US 11,810,270 B2
Machine learning training images from a constrained set of three-dimensional object models associated with prescribed scene types
Clarence Chui, Los Altos Hills, CA (US); and Manu Parmar, Sunnyvale, CA (US)
Assigned to Outward, Inc., San Jose, CA (US)
Filed by Outward, Inc., San Jose, CA (US)
Filed on Jul. 22, 2022, as Appl. No. 17/870,830.
Application 17/870,830 is a continuation of application No. 17/131,586, filed on Dec. 22, 2020, granted, now 11,449,967.
Application 17/131,586 is a continuation of application No. 16/056,110, filed on Aug. 6, 2018, granted, now 10,902,559, issued on Jan. 26, 2021.
Claims priority of provisional application 62/541,603, filed on Aug. 4, 2017.
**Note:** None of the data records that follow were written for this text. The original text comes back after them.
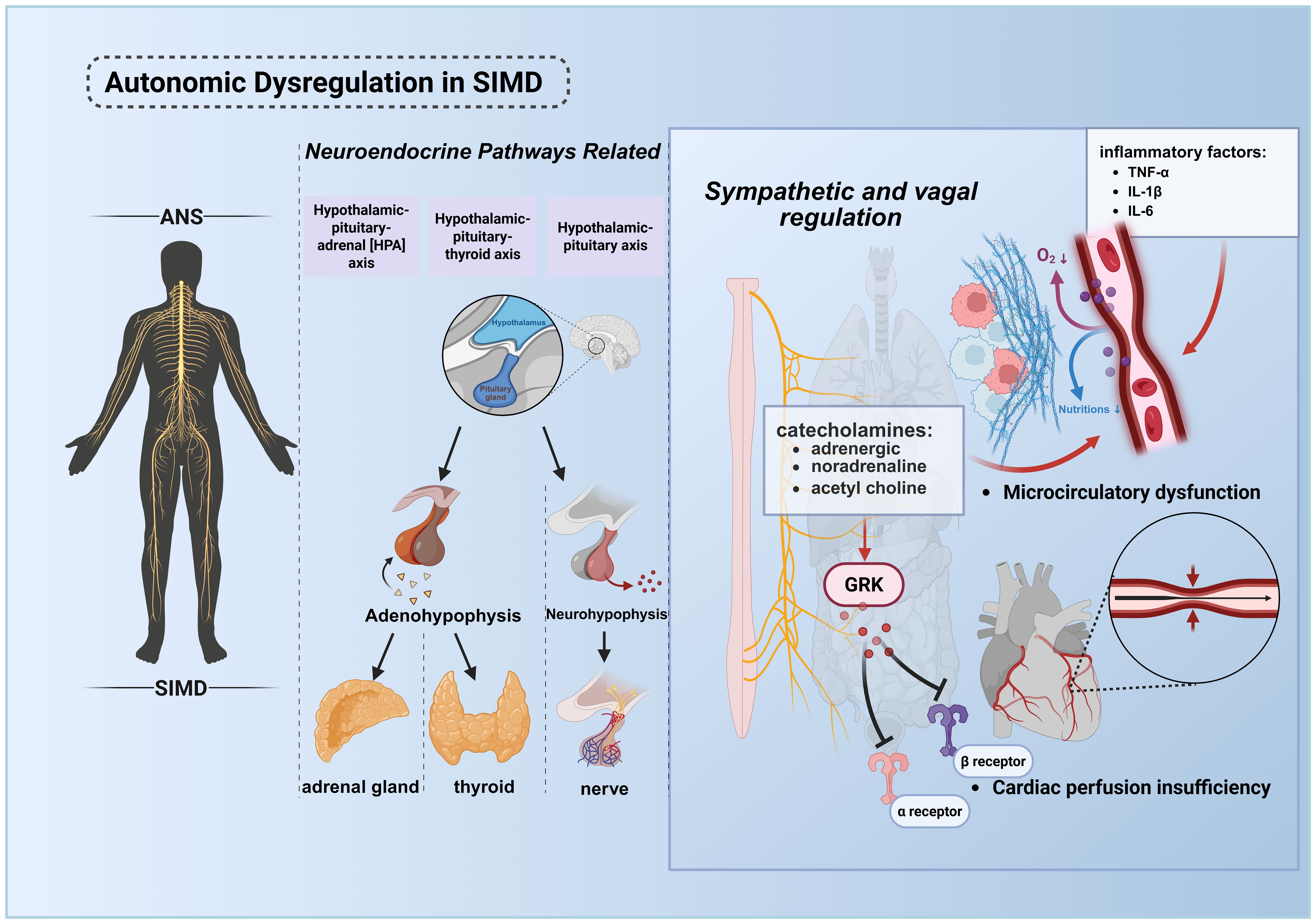 Figure 4. Pathological mechanisms of ANS dysregulation in septic cardiac injury. The ANS maintains systemic homeostasis by regulating cardiac output, vascular tone, inflammatory responses, immune equilibrium, and energy metabolism. During sepsis, infection or tissue injury activates the central nervous system, triggering the HPA axis, hypothalamic-pituitary-thyroid axis, and hypothalamic-neurohypophysial axis to orchestrate stress responses. ANS dysregulation, coupled with elevated inflammatory mediators (e.g., cytokine storm), synergistically promotes microcirculatory disturbances, culminating in multiorgan failure, including cardiac dysfunction. In septic shock, desensitization of adrenergic receptors leads to myocardial depression and vascular paralysis, exacerbating the vicious cycle and increasing mortality. This figure was created using BioRender (biorender.com). ANS, The autonomic nervous system.
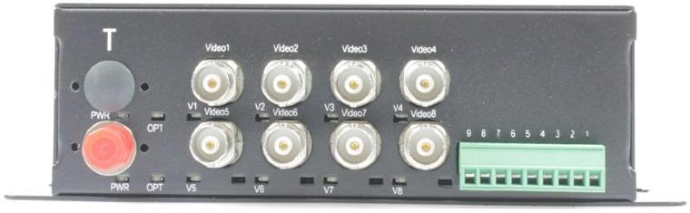 Оптический передатчик 8 каналов видео HDCVI/HDTVI/AHD/CVBS и 1 двунаправленного канала управления (RS485/полудуплекс) по одномодовому оптоволокну до 20км. Максимальное разрешение 2560x1920. Входы: роз. 2.1х5мм; FC (UPC) x 1 Выходы: клеммная колодка (RS485) BNC x 8.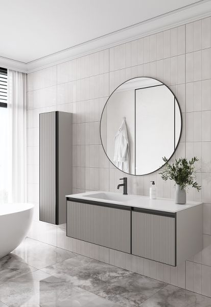 Главной особенностью коллекции являются обрамления фасадов из алюминия в самых трендовых цветах: графит, матовое золото, матовый черный и серебро. Эти обрамления идеально дополняют сантехнику в ванной комнате.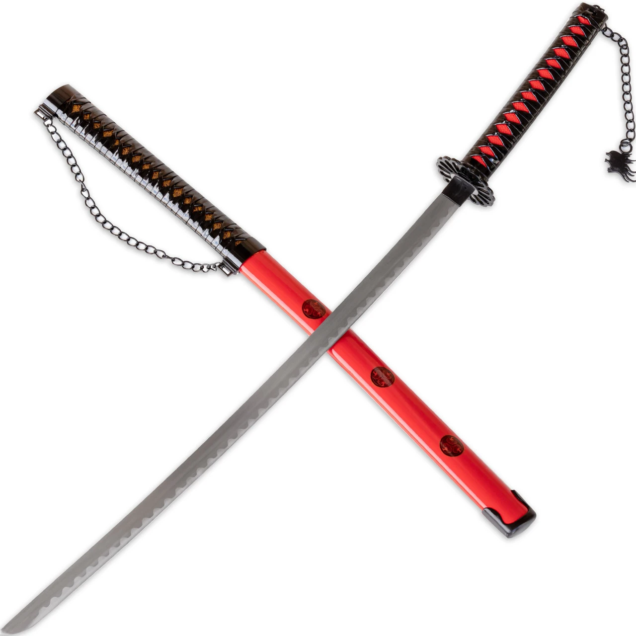 Wrapped in chains to stay with me; decorated and intricate, red and black with gold filament peeking through. The Tethered Existence Decorative Katana is glorious. The handle is textured red ABS over wood with black vinyl twisting over it in the classic katana braids. These braids extend into the scabbard with a patterned gold brocade glinting underneath. The guard is in a looping, almost floral, shape. The red part of the scabbard is aluminum with the Tokugawa family crest stamped along it. A length of black chain is affixed to the scabbard and another one hangs freely from the pommel of the sword with a charm on it. The blade is stainless steel with the classic katana wave along its length. The blade is dull so the Tethered Existence can be used for cosplay, costumes, or display. Overall Length: 39 Inches. Weight: 2.3 lbs.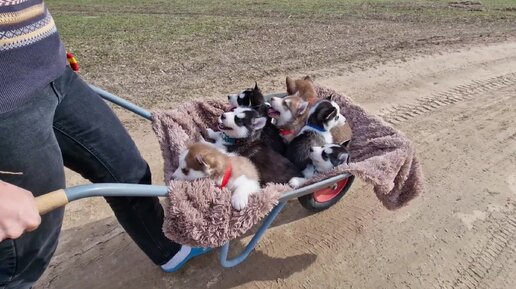 Целая тележка счастья! Щенки знакомятся с миром😍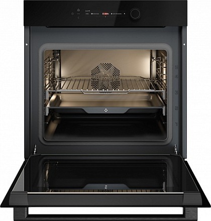 Чёрное стекло на передней панели придаёт прибору современный и элегантный вид. Шкаф обладает вместительностью 71 литр, что позволяет приготовить большое количество блюд одновременно.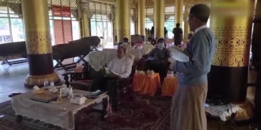 In the inspection, an official of the Department of Archaeology and National Museum reported in making researches on excavation at the 16 places of ancient mound sites in the palace compound, renovation of Bamarathana throne and Pyathat hall in original style, maintenance tasks for every year, excavation and maintenance of moat and city wall of Hantha ancient city with Bago Region Government fund, implementing Kanbawzathadi palace as historical park and salient points of the Department through powerpoint presentation.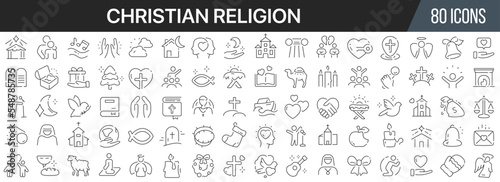 Christian religion line icons collection. Big UI icon set in a flat design. Thin outline icons pack. Vector illustration EPS10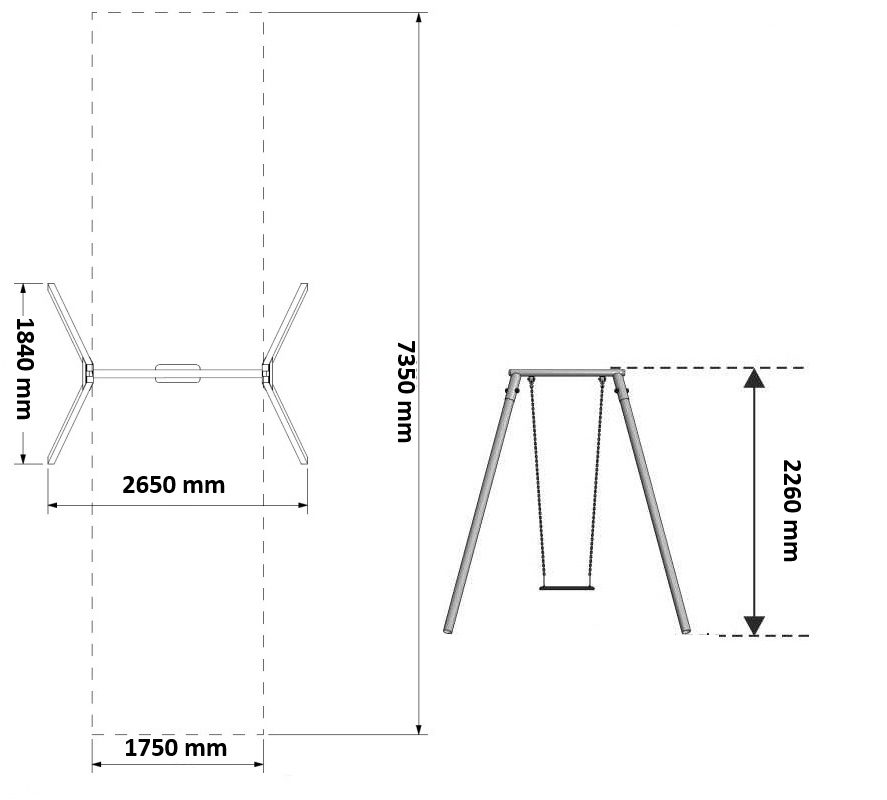 1116.226 Kiigeraam 1-kohaline (metall)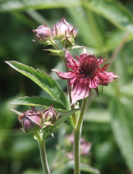 Das Sumpfblutauge (Potentilla palustris) ist ein Verlandungspionier. Seine Wurzelsprossen, auch Rhizom genannt, findet man in Feuchtwiesen, Flachmooren und im Uferbereich von kalk- und nährstoffarmen Stillgewässern. Aus diesem Rhizom entspringen seitlich die handförmig geteilten und grob gesägten Blätter. Ihr Stiel ist dicht kurz behaart. Der mehrblütige Blütenstand entspringt rhizomnah in den Blattachseln und wird etwa 20 bis 30 cm hoch. Die dunkelroten Blüten besitzen etwa 2 cm lange dreieckige ebenfalls dunkelrote, spitz auslaufende Kelchblätter Sie überragen die gleichfarbigen Blütenkronblätter deutlich. Pollenträger sind in jeder Blüte zahlreich vorhanden. Der oberständige Fruchtknoten ist bei der Reife leicht fleischig aufgewölbt, kurz behaart und trägt wie bei der Erdbeere zahlreiche kleine Nüsschen außen auf der Fruchtschale. Die Samen werden durch den Wind oder mit der Wasserströmung leicht fortgetragen. Die Blüte beginnt im Juli und reicht bis zum Endes des Sommers.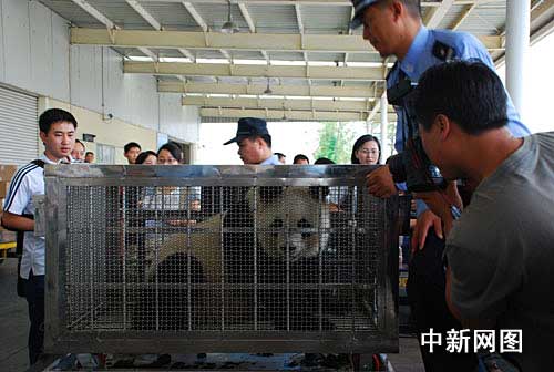 小家伙呆在鐵籠里正被工作人員小心翼翼地抬起來搬到貨車上去。作者:周航健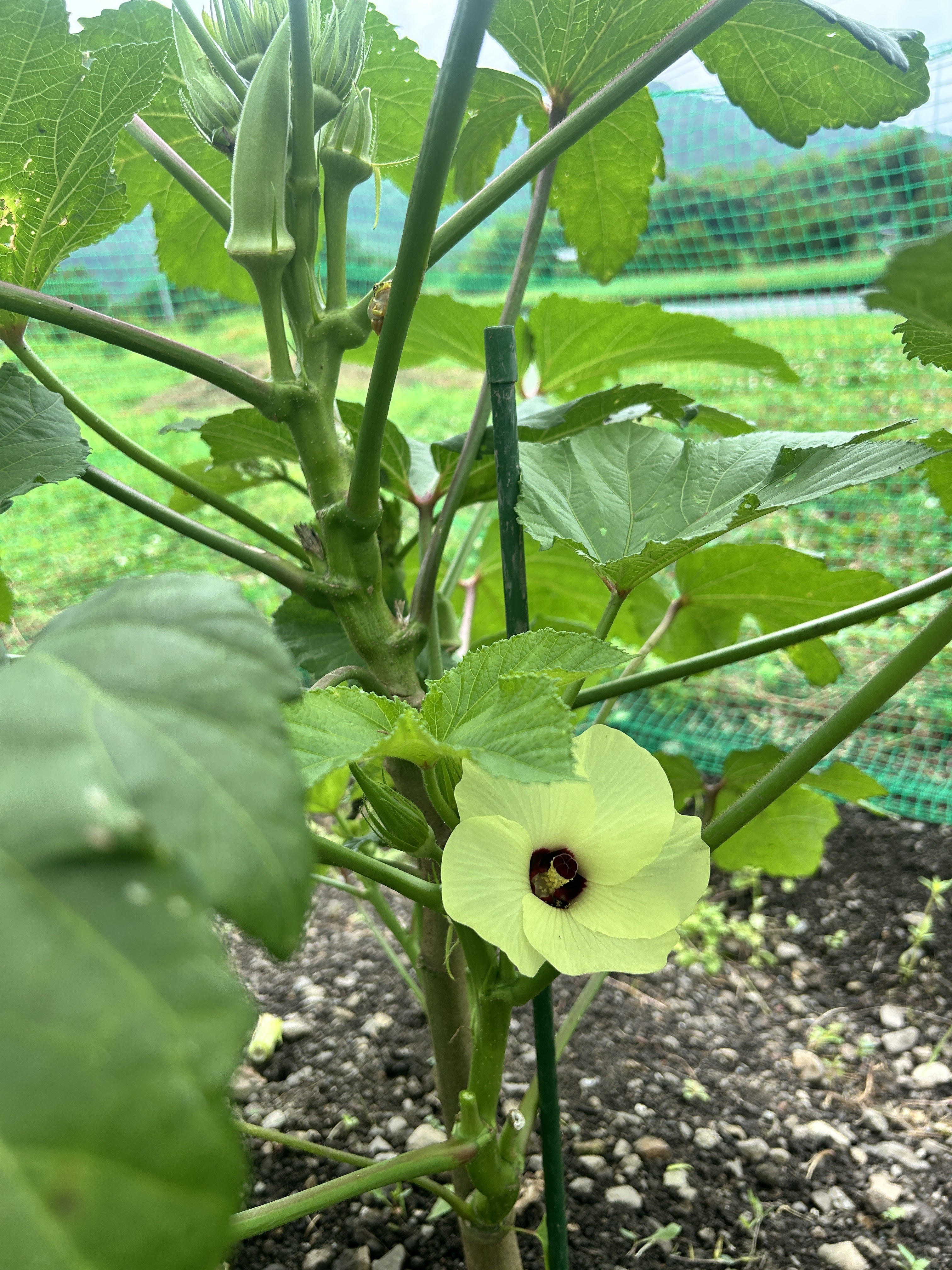 オクラの花に蛙さん

Prior Publication US 2022/0358626 A1, Nov. 10, 2022
Int. Cl. G06T 5/00 (2006.01); G06K 9/62 (2022.01); G06T 7/60 (2017.01); G06T 7/40 (2017.01); G06N 20/00 (2019.01); G06T 19/20 (2011.01); G06V 10/46 (2022.01); G06V 20/10 (2022.01); G06V 20/64 (2022.01); G06T 15/06 (2011.01); G06N 3/04 (2023.01); G06F 18/214 (2023.01); G06F 18/21 (2023.01); G06V 10/774 (2022.01); G06V 10/776 (2022.01); G06N 3/045 (2023.01)
CPC G06T 5/002 (2013.01) [G06F 18/214 (2023.01); G06F 18/217 (2023.01); G06N 20/00 (2019.01); G06T 7/40 (2013.01); G06T 7/60 (2013.01); G06T 15/06 (2013.01); G06T 19/20 (2013.01); G06V 10/774 (2022.01); G06V 10/776 (2022.01); G06V 20/10 (2022.01); G06V 20/64 (2022.01); G06N 3/045 (2023.01); G06T 2207/20081 (2013.01); G06T 2219/2024 (2013.01)] 69 Claims
OG exemplary drawing
 
24. A system, comprising:
a processor configured to:
detect a set of one or more attributes of an input image using a machine learning framework, wherein the machine learning framework is trained at least in part on a set of training images comprising a prescribed scene type, wherein one or more training images of the set of training images are rendered from a constrained set of one or more three-dimensional object models associated with the prescribed scene type, wherein the input image comprises the prescribed scene type, and wherein the detected set of attributes is not known for the input image prior to detection by the machine learning framework; and
generate an output image comprising a modified version of the input image by modifying at least a subset of the detected set of attributes; and
a memory coupled to the processor and configured to provide the processor with instructions.